— И все-таки скажи: что именно так сильно тебя мучит? Ни разу в жизни не утоленное желание предельной близости: безоглядной, требующей полной самоотдачи? Мучительная неспособность ответить такому же стремлению другого? Угрюмая тоска по взаимопониманию, достижимому только в детстве? Безусловно, это три разные формы одной и той же болезни, и они воплощаются, соответственно, в каждом из твоих персонажей…
Тут, ухватив меня за отворот куртки и заставляя смотреть ей в глаза, она воскликнула:
— А теперь послушай, что я скажу: тот, вокруг которого вертятся и сплетают сети двое других, остается невидимым и безымянным лишь затем, чтобы себя не выдать! Слушай дальше! — прошипела она, с удвоенной силой притягивая меня к себе. — Мне известно еще кое-что, я это обнаружила и должна сказать об этом вслух. А именно: персонаж, прячущийся за кулисами, есть не кто иной, как тайный свидетель и автор этого сочинения! (Она взмахнула рукописью.) Сочинения, которое — поскольку теперь с ним познакомилась я, — возможно, приводит описываемый в нем кризис к его подлинной развязке!
С этими словами она оттолкнула меня столь резко, что я потерял равновесие и прекомичным образом плюхнулся спиной на еще не застеленную постель, а в лицо мне полетели листки, которые она принялась швырять один за другим, смеясь беззлобным смехом, как маленькая девочка, ловко осадившая не в меру задиристого мальчишку.
Сидя на краю кровати, я не мог найти в себе силы, чтобы прервать молчание, хотя и понимал, какую цену заплачу за эту минутную слабость.
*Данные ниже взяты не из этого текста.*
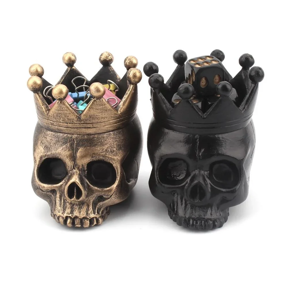 Elevate your Halloween décor with this New 3D Halloween Crown Skull Candle Holder. Featuring a detailed resin skull with a crown, it serves as a striking skeleton candle base perfect for spooky home decorations.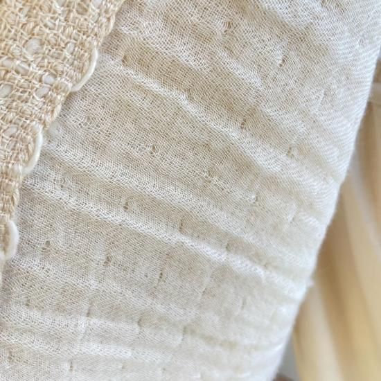着心地も表情も贅沢なプリスティンならではの素材贅沢な糸使いと、職人の匠の技と知識を駆使して仕上がった特別な素材です。表側のツイードは太番手のコットン2種類、ランダムにスラブのあるウール糸、ループのあるモヘヤ糸と多種多様な5種類の糸を交互に織り合わせています。裏側はコットン100% のガーゼで肌あたりにもこだわった二重織です。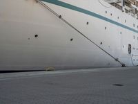This stunning stock photo features a large white cruise ship parked in the dock area of Bremerhafen Harbor in Germany. The ship is majestically positioned with ropes hanging from its side. The scenic view captures the beautiful water, asphalt, and wooden flooring around the pier. The landscape stretching towards the horizon showcases a harmonious blend of composite materials and metal structures. The day is filled with recreation and naval architecture, offering a serene atmosphere for visitors. With its grey hue perfectly complementing the surrounding environment, the cruise ship becomes an attractive focal point. The image vividly displays the paver-lined jetty and the landing area, highlighting the slope and smooth surface. Discover the enchanting beauty of Europe in the captivating city of Bremen and explore the bustling Bremerhafen harbor.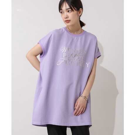 表目に凹凸感のある涼しげなサッカー素材を使用したロゴチュニックです。程良い丈感のチュニックは気になる腰回りをカバーアップ箔の艶っとしたアートロゴプリントが大人カジュアルなアイテムです。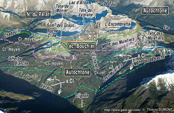 - d'abord la mise en place des charriages subbriançonnais (digitations de la nappe du Pelat et nappe de l'Autapie), qui s'avançaient originellement jusqu'à recouvrir le Crétacé moyen autochtone, dénudé de sa dalle du Sénonien -Nummulitique à l'emplacement de la haute vallée du Verdon en amont de Colmars ;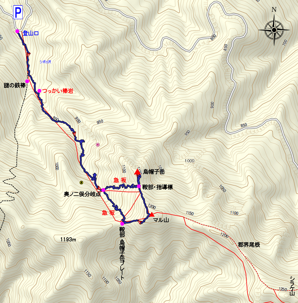 烏帽子岳・大仁田ルート地図 |
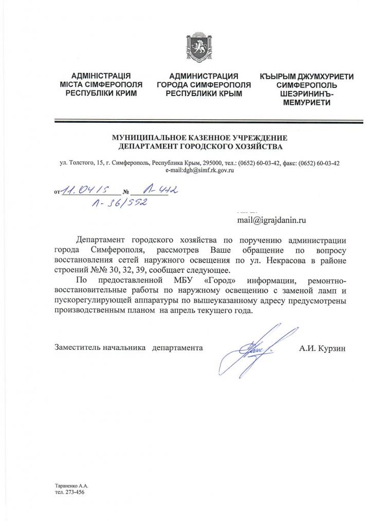 айГражданинОтправлено 09.04.2019: "Администрация города Симферополя"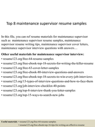 The document provides an overview of useful materials for maintenance supervisor interviews that are available on the resume123.org website, including resume samples, cover letters, interview questions and answers, job interview checklists, and tips for writing effective resumes, interview preparation, and thank you letters. It lists specific pages on the site that contain resume examples, ebooks with resume writing tips and common interview questions, as well as guides on various interview types and strategies.

Мной овладело глубокое уныние, схожее с теми необъяснимыми припадками лени, которые подчас, когда время не ждет и мы все губим своим бездействием, мешают нам даже пальцем шевельнуть. Кажется, под конец, видя меня в столь плачевно-беспомощном состоянии, она спросила, не сержусь ли я, что она говорила со мной без обиняков…
Прежде чем попрощаться, она легонько толкнула меня в плечо и улыбнулась, — я же, как ребенок, которому простили его вину, улыбнулся ей в ответ…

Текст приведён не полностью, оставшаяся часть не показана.